1888 – 1901 Heinrich Feldhaus aus Darup, geb. 1829, gest. 17.01.1901, schon im November
1886 ernannt, konnte er wegen des Kulturkampfes erst am 19.07.1888 seine
Stelle antreten.
1901 – 1929
Franz Meiners aus Dülmen, geb. 19.10.1853, gest. 20.04.1929, 09.07.1876 Priesterweihe durch den Bischof von Eichstätt, 1901 Pfarrer in Südlohn, 1926 goldenes Priesterjubiläum und 25 – jähriges Ortsjubiläum.
1929 – 1952
  Adolf Bleister aus Münster St. Mauritz, geb. 1877, gest. 23.06.1952, Priesterweihe 1903, 29.04.1929 eingeführt.
1952 – 1967
  August Möllering aus Neuenkirchen, geb. 1897, gest. 17.07.1973, eingeführt am 02.01.1967.
1967 – 1998
  Walter Winkelhues aus Metelen, geb. 11.11.1929, gest. 05.02.2003, am 26.02.1967 eingeführt, 1992 feierte er sein 25 – jähriges Ortsjubiläum, 29.11.1998 das 40 – jährige Weihejubiläum, Verleihung des Ehrenbürgerrechts.
1999 bis heute
  Stefan Scho aus Ochtrup, geb. 12.10.1957, Priesterweihe 1994, am 08.08.1999 eingeführt.

Ein Weihbischof aus der Pfarrei St. Vitus

 Weihbischof Alfons Demming
Vor allem in den 50er und 60er Jahren des 20. Jahrhunderts fühlten sich zahlreiche Südlohner Männer und Frauen berufen, ihr Leben in den Dienst der kirchlichen Gemeinschaft zu stellen. Im Licht der Öffentlichkeit stand dabei vor allem Alfons Demming, geb. 29. Februar 1928in Südlohn.

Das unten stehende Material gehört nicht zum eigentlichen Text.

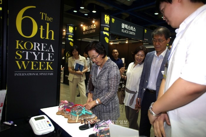 최근 서울 강남구 코엑스에서 열린 '제6회 코리아 스타일 위크' 행사장의 한 참가기업 부스를 방문한 신연희 서울 강남구청장이 관계자들과 함께 진열된 신발들을 살피고 있다.(사진제공=강남구청)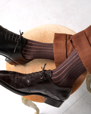 表と裏、どちらでも着用可能なソックスというコンセプトは、イルレガロの代表的なアイディアですが、新しいデザインのリバーシブルソックスが新登場です。 この新しいリバーシブルバイカラーロングホーズは、繊細なリブ目の間からもう片方の色が見え...

Am 21.12.1953 empfing der die Priesterweihe. 1959 war er Kaplan in Coesfeld St. Jakobi und in Selm St. Joseph. 1959 wurde er zum Präses des Piuskollegs in Coesfeld berufen. 1968 wurde er Pfarrer in Altenberge. 1970 wurde ihm das Amt des Dechanten übertragen. Am 19.11.1976 ernannte Papst Paul VI. ihn zum Weihbischof. Die Bischofsweihe empfing er am 09.01.1977. 1998 wurde er als 73 – jähriger von seinen Dienstpflichten befreit.
„Er sprach die Sprache des Westmünsterlandes, die Sprache der Menschen“ – so würdigte Alt-Bischof Lettmann das Wirken des beliebten Seelsorgers. Weibischof Alfons Demming starb am 31. Oktober 2012 nach langer Krankheit. Er wurde am 8. November 2012 auf dem Domherrenfriedhof in Münster beerdigt.